EDIT: why are my tabs so big and everyone else's so small?
EDIT2: I forgot to initialize "inputAsInteger". Make it initially equal to 0 and then it should work.


----------



## GSquadron (Sep 25, 2011)

After all.... you are not a beginner in java anymore 
Btw you tabs are equal as all
I hate java, since the last version.
Anyway, why the hell you return checker?
What i got from your statement is:
Sorry man, i cannot speak english, this is why i am speaking american 
If you don't know c++ how comes you programmed it in java?
Also, your program, if converted, the problem will persist for sure


----------



## razaron (Sep 25, 2011)

You have to return *checker* so your method knows which boolean to return (even though there's only one).
Also the program works. It keeps initializing game() until a correct input is given. I checked it by adding "*System.out.println(inputAsInteger);*" at the end of the game() method.
As for why in Java. That's because I managed to help you and understand your c++ code without knowing c++. Java and c++ are amazingly similar.

EDIT: I'm still a noob.


----------



## Kreij (Sep 25, 2011)

razaron said:


> EDIT: why are my tabs so big and everyone else's so small?

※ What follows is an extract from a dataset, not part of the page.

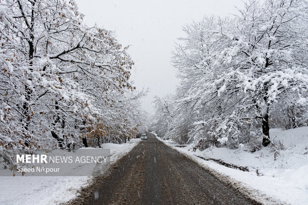 بارش برف در ۵ محور کوهستانی گیلان؛ پونل - خلخال مسدود شد

I use spaces for indents, not tabs in the code tags.


----------



## ctrain (Sep 25, 2011)

Aleksander Dishnica said:


> Still, i think there should be something to make it.
> Like they do it in games. There must be something we
> have not figured out yet. Or maybe programers don't
> really want us to know....
> ...



I showed how to handle it...


----------



## Kreij (Sep 25, 2011)

@Raz : Your Java code does a recursive call to game(). That is never something you want to do when error checking. Each time the game() method is called the calling method gets put on the stack as the recursive called method has to return to the calling method, so when the last game() call finaly completes it has to pop back through any game() method calls that called it.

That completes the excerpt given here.